Records contained in a dataset.
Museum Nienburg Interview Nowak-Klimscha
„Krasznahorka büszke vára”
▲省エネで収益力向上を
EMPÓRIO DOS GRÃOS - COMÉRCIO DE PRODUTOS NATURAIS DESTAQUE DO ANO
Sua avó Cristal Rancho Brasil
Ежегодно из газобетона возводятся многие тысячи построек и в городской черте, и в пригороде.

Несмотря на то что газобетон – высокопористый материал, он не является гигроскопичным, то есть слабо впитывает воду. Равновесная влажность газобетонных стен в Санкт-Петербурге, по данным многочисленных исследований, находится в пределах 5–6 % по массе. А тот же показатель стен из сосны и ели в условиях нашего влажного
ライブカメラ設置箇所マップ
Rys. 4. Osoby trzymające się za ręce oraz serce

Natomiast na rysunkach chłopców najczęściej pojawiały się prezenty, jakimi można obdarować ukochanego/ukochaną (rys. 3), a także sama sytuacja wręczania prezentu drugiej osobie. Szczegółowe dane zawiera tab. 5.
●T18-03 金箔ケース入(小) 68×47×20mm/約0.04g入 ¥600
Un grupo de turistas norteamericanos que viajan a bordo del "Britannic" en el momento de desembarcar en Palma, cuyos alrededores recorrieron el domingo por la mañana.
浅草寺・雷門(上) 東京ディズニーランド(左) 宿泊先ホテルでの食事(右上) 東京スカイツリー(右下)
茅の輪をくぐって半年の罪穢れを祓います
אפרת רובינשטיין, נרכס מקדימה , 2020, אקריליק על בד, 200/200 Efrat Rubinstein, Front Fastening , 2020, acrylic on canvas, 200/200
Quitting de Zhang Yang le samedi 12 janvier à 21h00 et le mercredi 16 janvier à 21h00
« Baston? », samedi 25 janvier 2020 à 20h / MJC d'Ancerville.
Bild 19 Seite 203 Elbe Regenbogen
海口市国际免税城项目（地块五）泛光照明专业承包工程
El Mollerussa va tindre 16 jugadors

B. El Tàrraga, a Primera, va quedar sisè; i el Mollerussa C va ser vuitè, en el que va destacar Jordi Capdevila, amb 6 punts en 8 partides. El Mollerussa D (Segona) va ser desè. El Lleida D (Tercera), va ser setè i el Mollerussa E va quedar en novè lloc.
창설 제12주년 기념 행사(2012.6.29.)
--
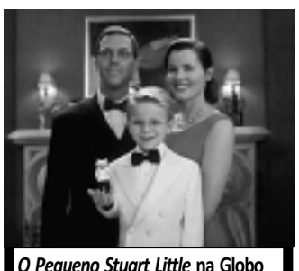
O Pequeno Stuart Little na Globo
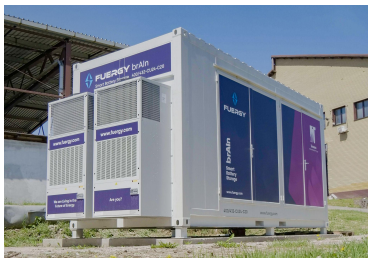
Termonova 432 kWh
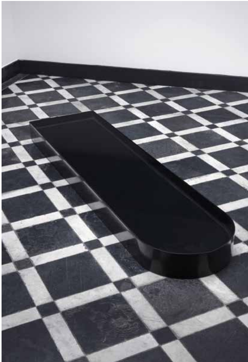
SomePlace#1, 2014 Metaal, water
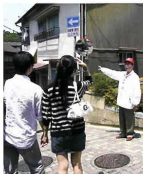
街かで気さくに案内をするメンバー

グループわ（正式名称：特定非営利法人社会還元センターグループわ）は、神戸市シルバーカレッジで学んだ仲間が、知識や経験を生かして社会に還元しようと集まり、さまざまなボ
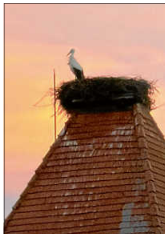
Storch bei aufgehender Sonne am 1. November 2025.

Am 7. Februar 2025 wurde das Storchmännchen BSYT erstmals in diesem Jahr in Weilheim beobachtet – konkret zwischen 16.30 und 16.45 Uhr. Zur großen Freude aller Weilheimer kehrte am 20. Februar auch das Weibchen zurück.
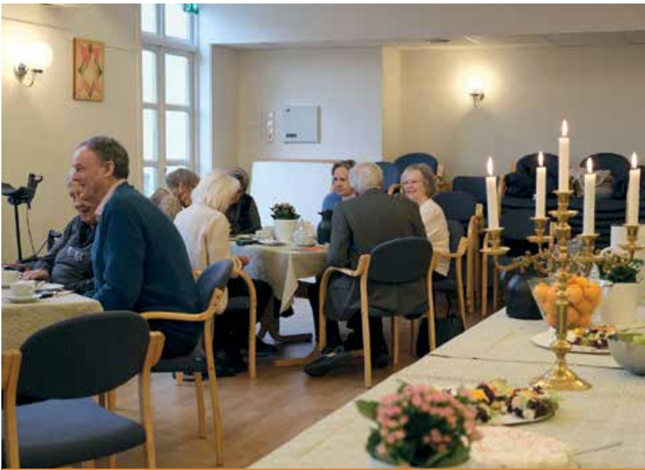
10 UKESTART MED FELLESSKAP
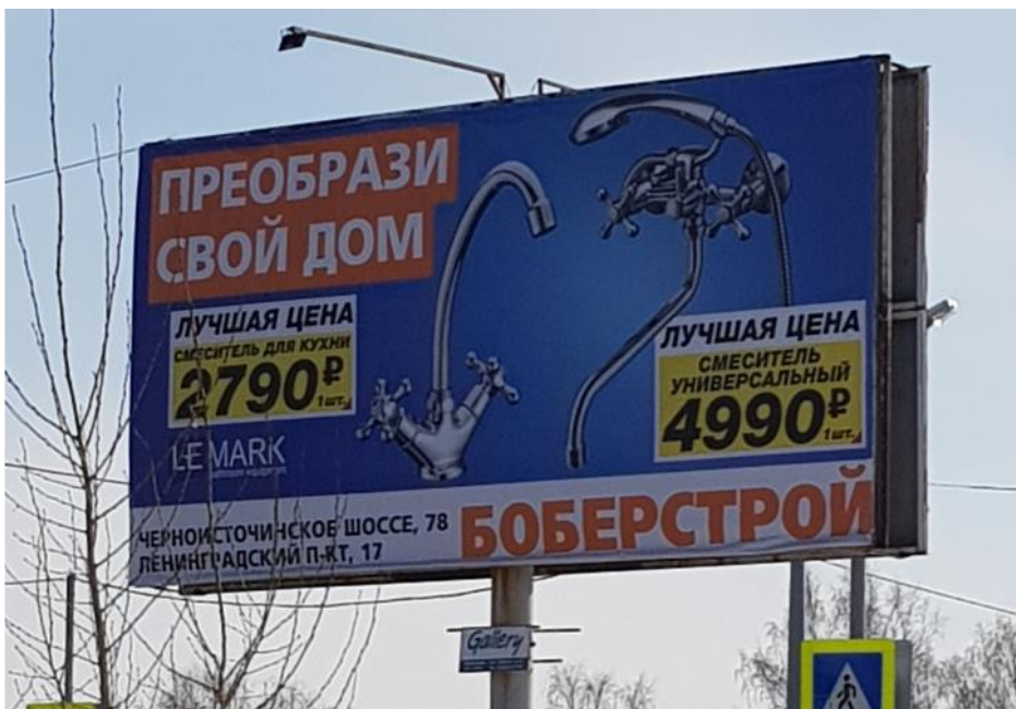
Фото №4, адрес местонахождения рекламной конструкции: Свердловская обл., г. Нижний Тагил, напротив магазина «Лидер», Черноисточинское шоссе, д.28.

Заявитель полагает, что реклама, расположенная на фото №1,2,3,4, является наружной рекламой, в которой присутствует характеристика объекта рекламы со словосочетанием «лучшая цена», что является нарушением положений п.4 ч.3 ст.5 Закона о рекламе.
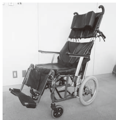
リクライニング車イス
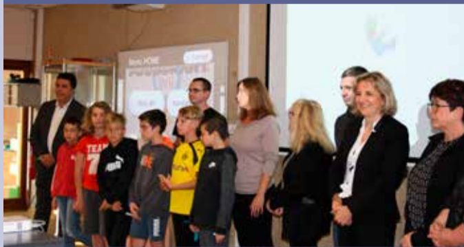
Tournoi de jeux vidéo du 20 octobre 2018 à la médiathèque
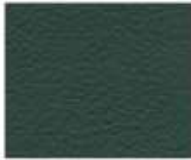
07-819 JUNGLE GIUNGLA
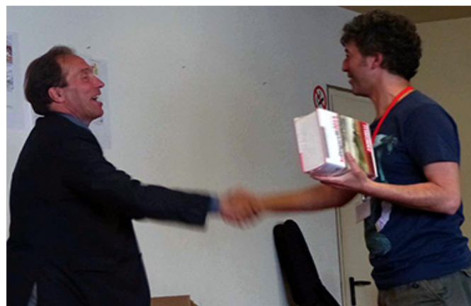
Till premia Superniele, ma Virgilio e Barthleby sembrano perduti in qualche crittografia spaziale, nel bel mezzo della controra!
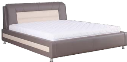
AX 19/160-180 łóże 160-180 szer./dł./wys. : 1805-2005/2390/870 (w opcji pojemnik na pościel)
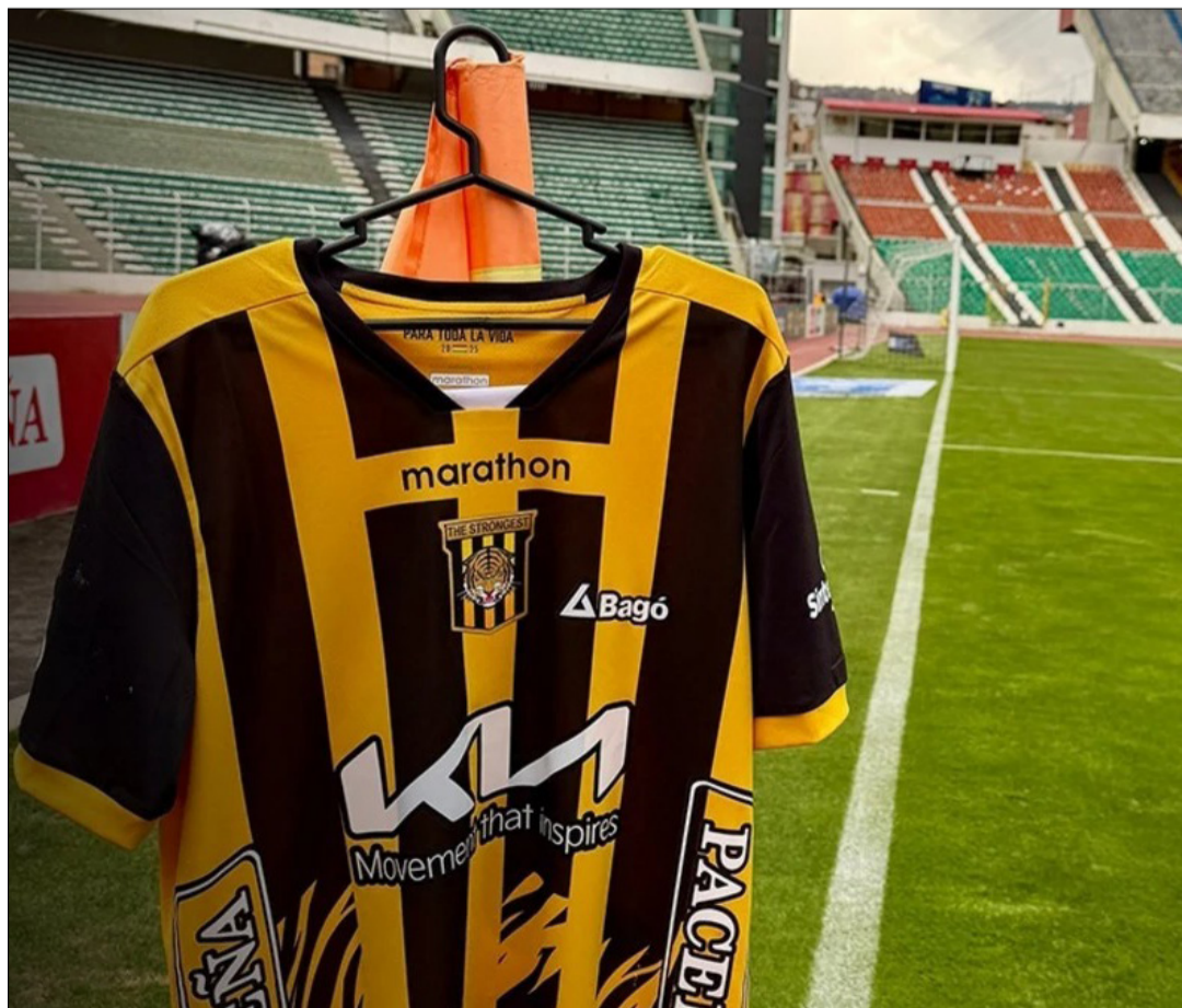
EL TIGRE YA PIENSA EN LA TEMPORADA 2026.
--
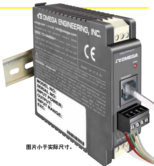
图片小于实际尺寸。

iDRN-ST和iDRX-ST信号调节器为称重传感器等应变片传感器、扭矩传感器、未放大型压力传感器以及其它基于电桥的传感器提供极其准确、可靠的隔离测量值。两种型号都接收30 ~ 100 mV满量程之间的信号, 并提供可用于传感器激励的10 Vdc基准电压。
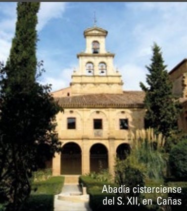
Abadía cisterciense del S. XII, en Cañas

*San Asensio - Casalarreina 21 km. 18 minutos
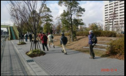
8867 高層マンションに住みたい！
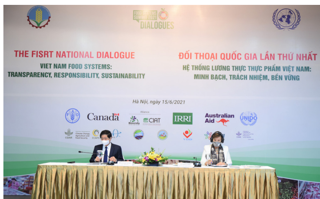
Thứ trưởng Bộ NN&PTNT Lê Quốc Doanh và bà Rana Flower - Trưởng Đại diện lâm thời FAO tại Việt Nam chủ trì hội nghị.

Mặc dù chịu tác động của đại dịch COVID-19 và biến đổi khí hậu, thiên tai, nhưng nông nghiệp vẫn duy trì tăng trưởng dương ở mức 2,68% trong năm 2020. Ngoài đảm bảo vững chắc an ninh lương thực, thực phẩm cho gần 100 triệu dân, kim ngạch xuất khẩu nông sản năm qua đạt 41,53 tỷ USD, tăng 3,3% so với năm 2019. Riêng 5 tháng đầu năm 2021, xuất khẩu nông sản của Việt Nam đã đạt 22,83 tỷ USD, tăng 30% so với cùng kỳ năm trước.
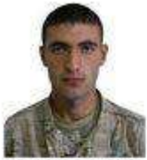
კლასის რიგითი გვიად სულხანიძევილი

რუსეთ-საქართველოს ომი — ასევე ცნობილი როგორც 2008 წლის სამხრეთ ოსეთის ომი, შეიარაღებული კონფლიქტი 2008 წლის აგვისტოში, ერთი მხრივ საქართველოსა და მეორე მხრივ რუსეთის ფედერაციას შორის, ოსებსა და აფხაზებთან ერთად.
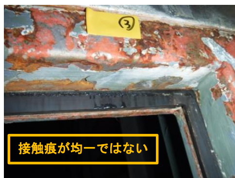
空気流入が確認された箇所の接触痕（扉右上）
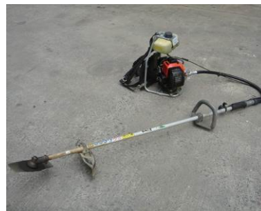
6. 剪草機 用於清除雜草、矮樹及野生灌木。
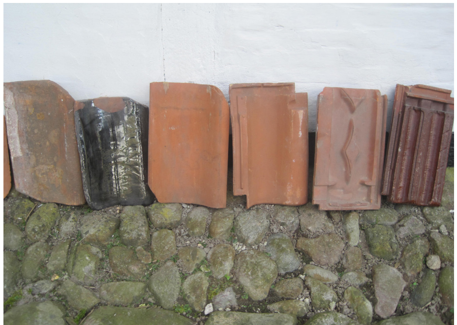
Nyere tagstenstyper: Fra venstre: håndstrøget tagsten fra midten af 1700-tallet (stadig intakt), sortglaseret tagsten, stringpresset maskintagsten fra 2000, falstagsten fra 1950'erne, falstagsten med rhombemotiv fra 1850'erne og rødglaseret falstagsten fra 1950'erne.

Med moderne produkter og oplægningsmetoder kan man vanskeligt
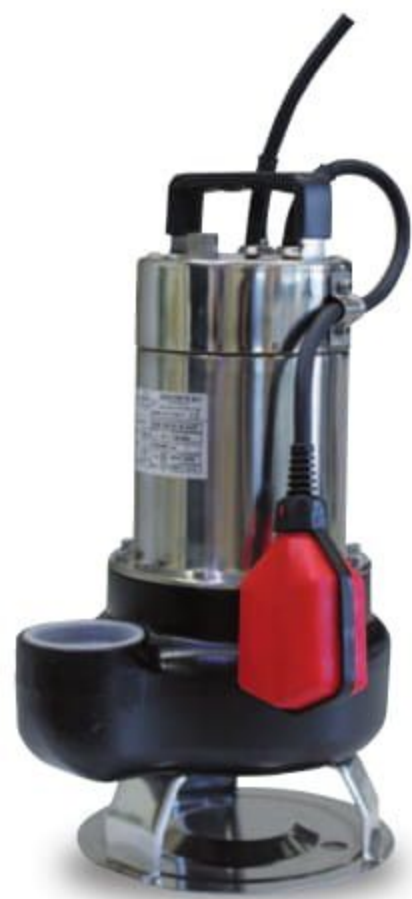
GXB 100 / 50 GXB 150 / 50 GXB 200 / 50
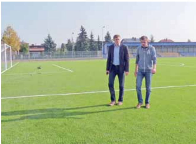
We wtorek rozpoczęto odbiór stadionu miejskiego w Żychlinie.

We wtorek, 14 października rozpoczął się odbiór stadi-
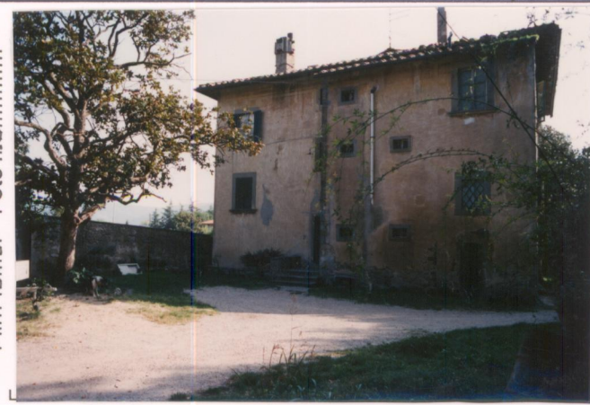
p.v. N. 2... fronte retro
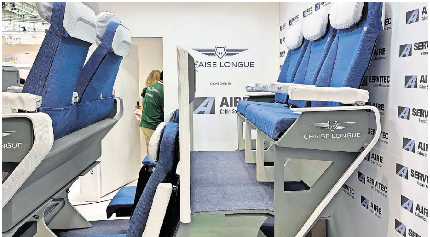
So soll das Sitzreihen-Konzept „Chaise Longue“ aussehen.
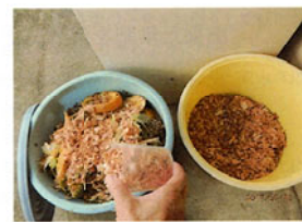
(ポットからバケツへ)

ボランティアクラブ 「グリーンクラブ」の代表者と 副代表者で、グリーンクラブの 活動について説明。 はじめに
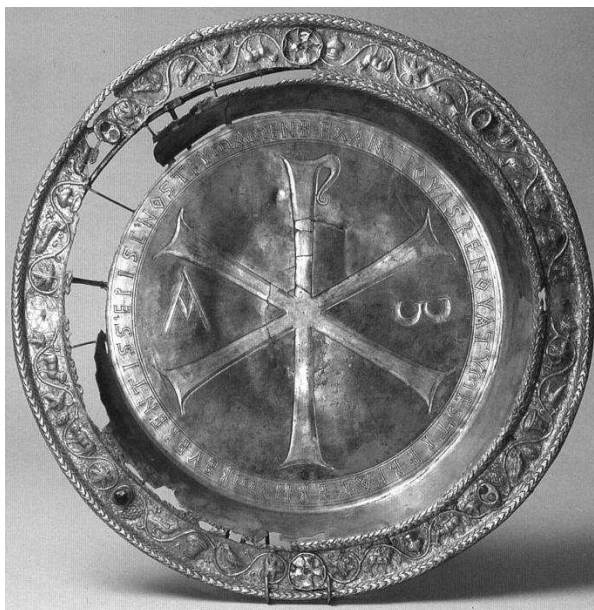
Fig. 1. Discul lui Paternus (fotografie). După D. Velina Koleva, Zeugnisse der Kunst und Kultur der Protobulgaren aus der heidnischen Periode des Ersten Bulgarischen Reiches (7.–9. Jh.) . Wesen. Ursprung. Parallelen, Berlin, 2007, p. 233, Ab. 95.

Task to complete. Search the entries for the word "wtorek", then copy every line in which it is found.

Exercise solution.
We wtorek rozpoczęto odbiór stadionu miejskiego w Żychlinie.
We wtorek, 14 października rozpoczął się odbiór stadi-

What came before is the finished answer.